Fischöl-Kapseln: Gefährlich oder gesund?

Pascal Pape

Aktualisiert: 15.2.2023

Fischöl-Kapseln: Gefährliche Wirkung oder gesund?

Nach meinem Artikel über Krillöl, kommen mittlerweile täglich Leser auf mich zu und fragen nach dem besten Fischöl oder Alternativen zu Krillöl. Ich bremse sie dann meistens erst einmal: „Mooooment, wie ist überhaupt Dein Wissensstand zum Thema Fischöl?“

Denn den meisten ist zum Beispiel nicht bewusst, dass man Fischöl-Kapseln auf keinen Fall isoliert einnehmen sollte, wenn man von einer positiven Wirkung profitieren will. Das ist ein beliebter aber gleichzeitig gefährlicher Fehler. Warum und wieso, sowie die wichtigsten Hintergrundinformationen zu Fischöl erkläre ich hier.

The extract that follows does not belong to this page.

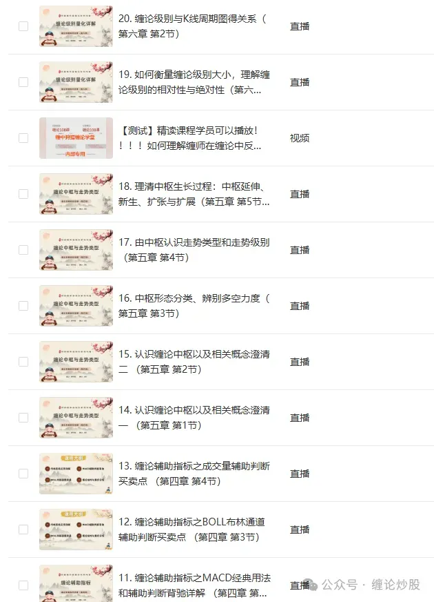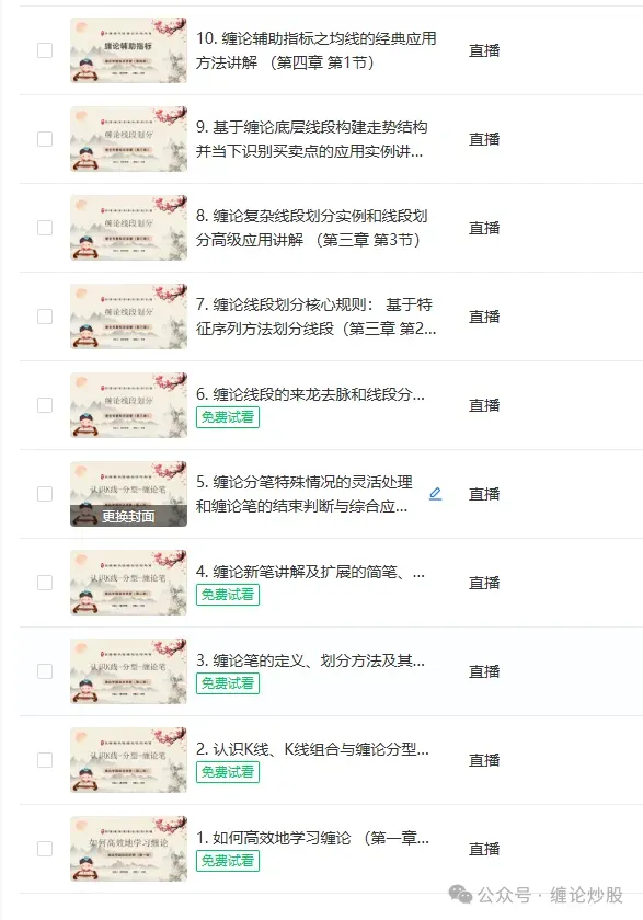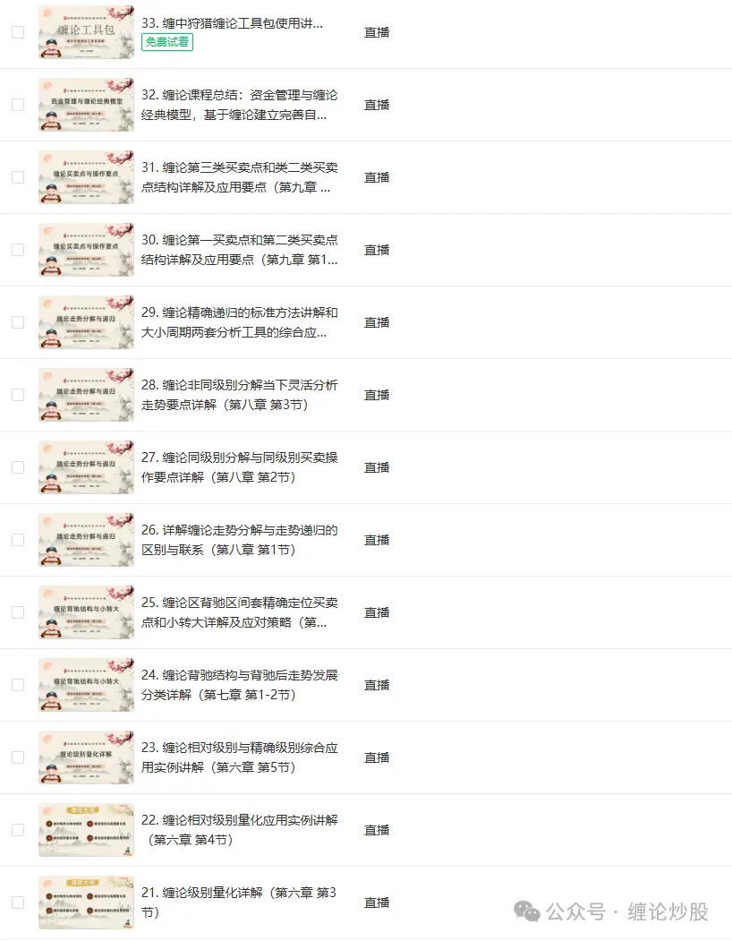 【第一期缠论精讲课程内容列表】

Die vielen Gesichter von Fischöl

Die Wirkung von Fischöl-Kapseln hat in Studien verschiedene Gesichter:

  • Fischöl-Kapseln verbessern laut einigen Studien zum Beispiel Triglyceride oder Cholesterin auf gesunde Werte.
  • Andere Studien haben gezeigt, dass Fischöl die Insulinsensitivität verbessern kann und wir dadurch weniger schlecht (wie soll ich es anders sagen?) auf Kohlenhydrate reagieren. Damit hilft es automatisch beim Abnehmen.
  • Wieder andere Studien haben gezeigt, dass es anabol wirkt, Testosteron steigern kann und beim Muskelaufbau hilft.
  • Fischöl-Kapseln sollen laut einigen Studien sogar bei Alzheimer, ADHS oder Depressionen helfen.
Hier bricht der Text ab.